State-owned slots dens could be part of a broad solution to Maryland's school funding needs, House Speaker Michael E. Busch said yesterday in his most extensive comments to date on how new House of Delegates gambling guidelines mesh with Gov. Robert L. Ehrlich Jr.'s latest slot-machine bill.
Busch indicated a willingness to work with Ehrlich and Senate President Thomas V. Mike Miller on slots and other revenue measures - most likely taxes - to help Maryland generate the money for a mandated, $1.3 billion-a-year schools funding program.
"We've always been willing to negotiate," Busch said. "But you have to have somebody to negotiate with, and you have to have something to negotiate."

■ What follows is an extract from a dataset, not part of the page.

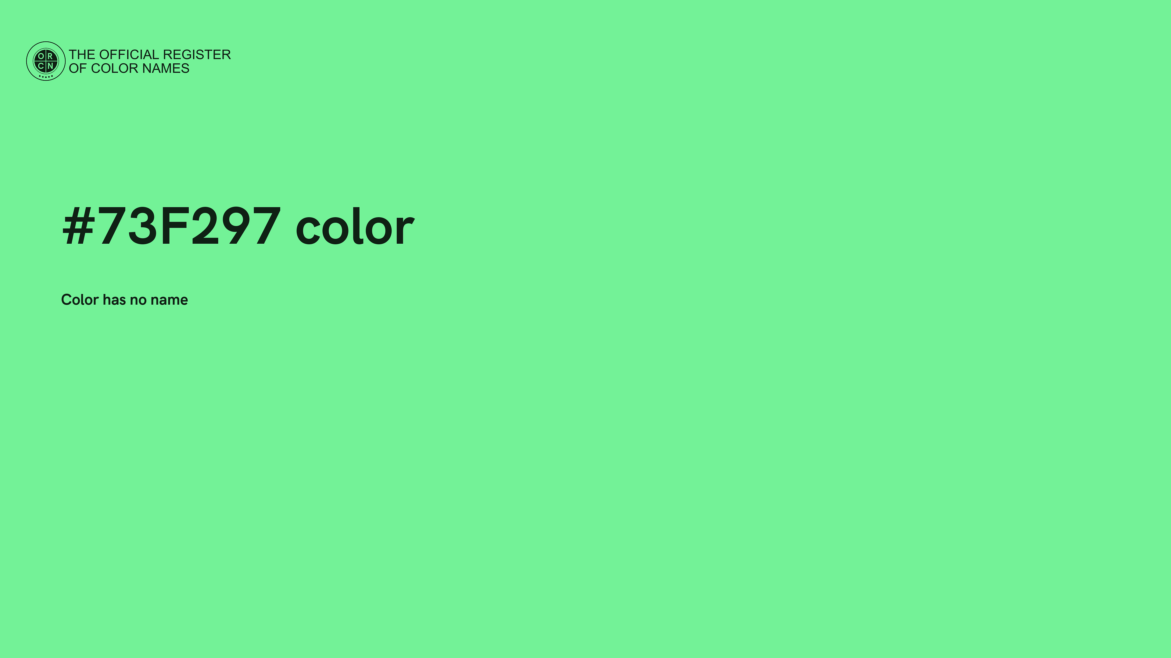 For printing in non digital world, #73F297 is represented in CMYK as 50 Cyan, 0 Magenta, 36 Yellow, and 5 Black (Key) (C:50 M:0 Y:36 K:5).

But the speaker said he thinks the House ideas contained in a final Ways and Means Committee gambling report distributed yesterday are the most thorough and offer the best return to taxpayers.
"Who do you think did more work this summer, the Senate, the governor or the House?" Busch asked in a veiled swipe at the state's two other dominant political leaders, both of whom support slots.
Busch said the House guidelines provide a roadmap for how the state should implement a slots program if lawmakers so decide.
The guidelines include public ownership of slot machines instead of allowing racetrack owners to buy them; competitive bidding for facility operations; limiting slots licenses to one per company; and locating some slots emporiums along interstate highways to capture gamblers who would otherwise leave the state.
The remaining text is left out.